Wenn ein Megastar ein neues Album macht, in dem es auch um Traumata infolge einer Vergewaltigung geht, hat die Musikkritik mindestens ein Problem: Wird man auf Autopilot zum Claqueur mit Pokerface, weil das Thema so mutig und wichtig ist und sich dadurch jede Kritik automatisch verbietet? Dann wäre der Text hiermit beendet. Oder setzt man bei einer der wichtigsten Stimmen im Pop dann doch andere Maßstäbe als bei einer x-beliebigen Bastelgruppe mit angeschlossener Gruppentherapiesitzung an – und nimmt Lady Gaga nicht nur als Mensch, sondern auch als Künstlerin ernst?
AmazonDenn dann wäre die entscheidende Frage ja nicht nur „Ist das Thema relevant?“, sondern: Überzeugt die künstlerische Form? Und das tut sie leider nicht. Lady Gaga ballert einen auf ihrem sechsten Studioalbum zu mit 90s-Autoscooter-Trash dritter Güteklasse. Und dabei war es wahrscheinlich, frei nach Dolly Partons Devise, verdammt teuer, so billig zu wirken: Ein Dutzend Produzenten hat Lady Gaga engagiert, damit letztlich etwas dabei rauskommt, das niemals derart bejubelt werden würde, wenn es nicht zufällig – oder besser gesagt: wohlkalkuliert – den Markenstempel Gaga tragen würde: Mit ihrem an queere Traditionen anknüpfenden Disco-House und ihrer empowernden Art, die einem zugesteht, „born this way“ und voll okay und liebenswert zu sein, ist die Lady in den frühen 10er-Jahren zu einer Ikone geworden.
Doch anders als von ihr selbst seit Jahren angekündigt, hat sich Lady Gaga leider keineswegs als Songwriterin weiterentwickelt. Der halbgare Versuch davon auf dem Vorgängeralbum JOANNE (2016) war ein faules Kompromiss-Konglomerat aus einerseits „die alten Fans nicht verprellen“ und andererseits mit Father John Misty „Country- Folk“ zu machen. So besehen ist CHROMATICA in sich sogar stimmiger, weil, bis auf die drei wannabe-arty Streicherminiaturen-Interludes, durch und durch Disco von der Stange, dem aber die Magie der ersten Alben fehlt.

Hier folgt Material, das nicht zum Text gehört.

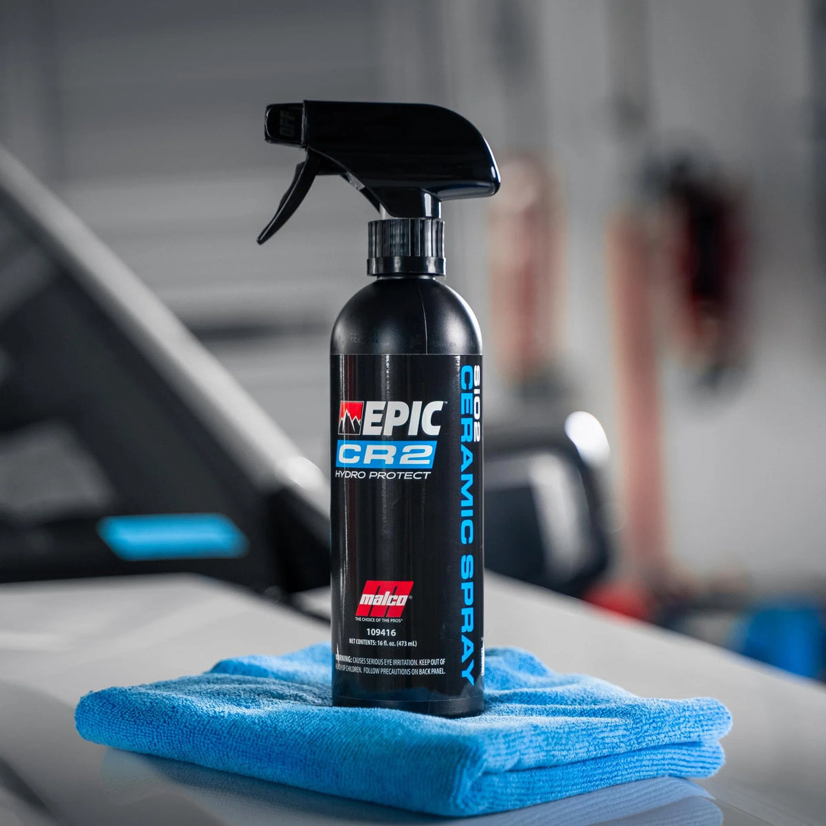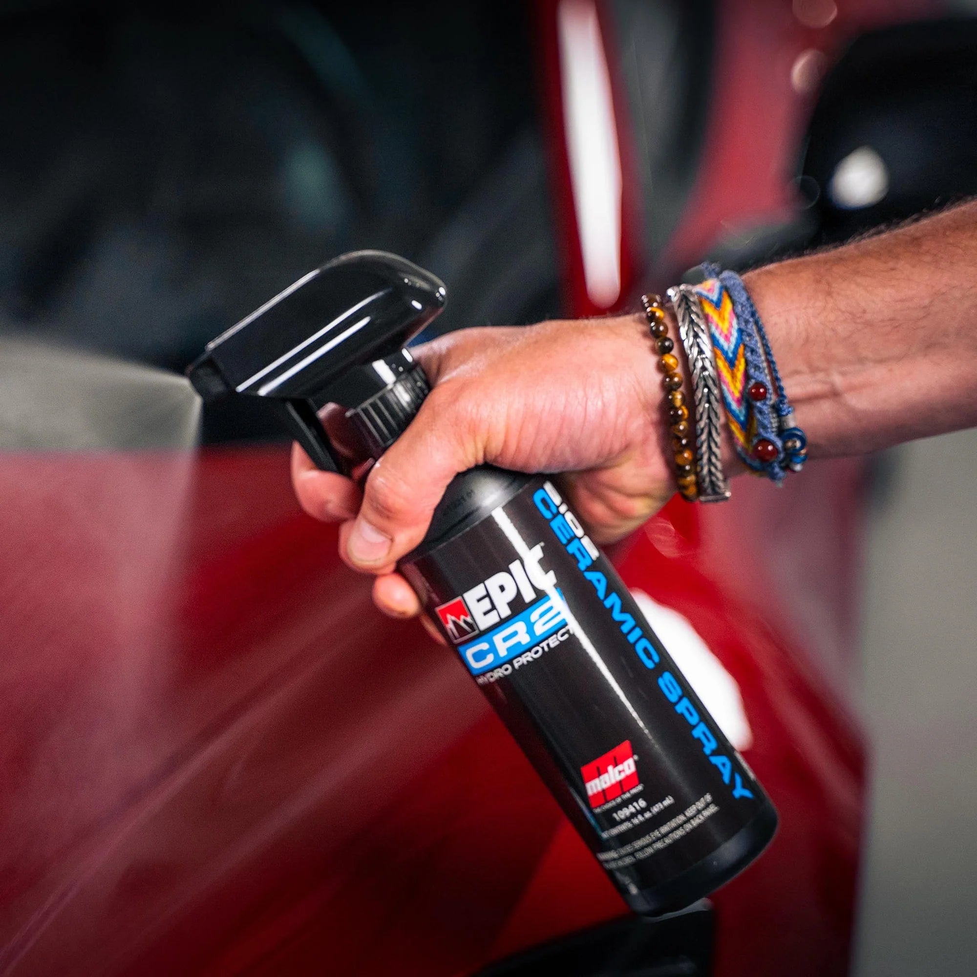 EPIC® CR2 Hydro Protect Ceramic Spray Coating is a spray-on SiO2 ceramic coating booster and spray wax designed to shine, protect, and beautify a vehicle. This long-lasting ceramic spray coating adds a hydrophobic barrier to the vehicle’s surface to absorb UV rays, repel contaminants, and easily sheet off water. As the final component of the EPIC® Ceramic System, CR2 Ceramic Spray Coating can be used to boost an existing ceramic coating or as a stand-alone ceramic spray wax. Since EPIC CR2 is a ceramic spray coating, it is a great product for DIY car enthusiasts who want the high-gloss shine, protection, and hydrophobic properties of a ceramic coating without the hassle of its application. EPIC CR2 is one of our best-selling professional-grade spray waxes because of the high quality of the product, the easy application, and the great shine it leaves behind on coated and uncoated automotive surfaces.

Zwei oder höchstens vier Takte kurze Hooks werden nun wohlfeil aneinanderrepetiert, bis es auch die letzte Reihe kapiert hat. Das mag Spaß machen beim Mitkreischen im Club, ist fürs Zuhausehören des kompletten Albums auf der Mittelstrecke aber einfach nur noch nervtötend. Selbst das Duett mit Elton John wirkt schrecklich unorganisch, als hätte man den Sir in den falschen Film ge-copy-pastet. Bei aller Liebe zur Lady: Dieses Album ist nur was für verblendete Fans. Für die Chartsspitze reicht das aber offensichtlich allemal.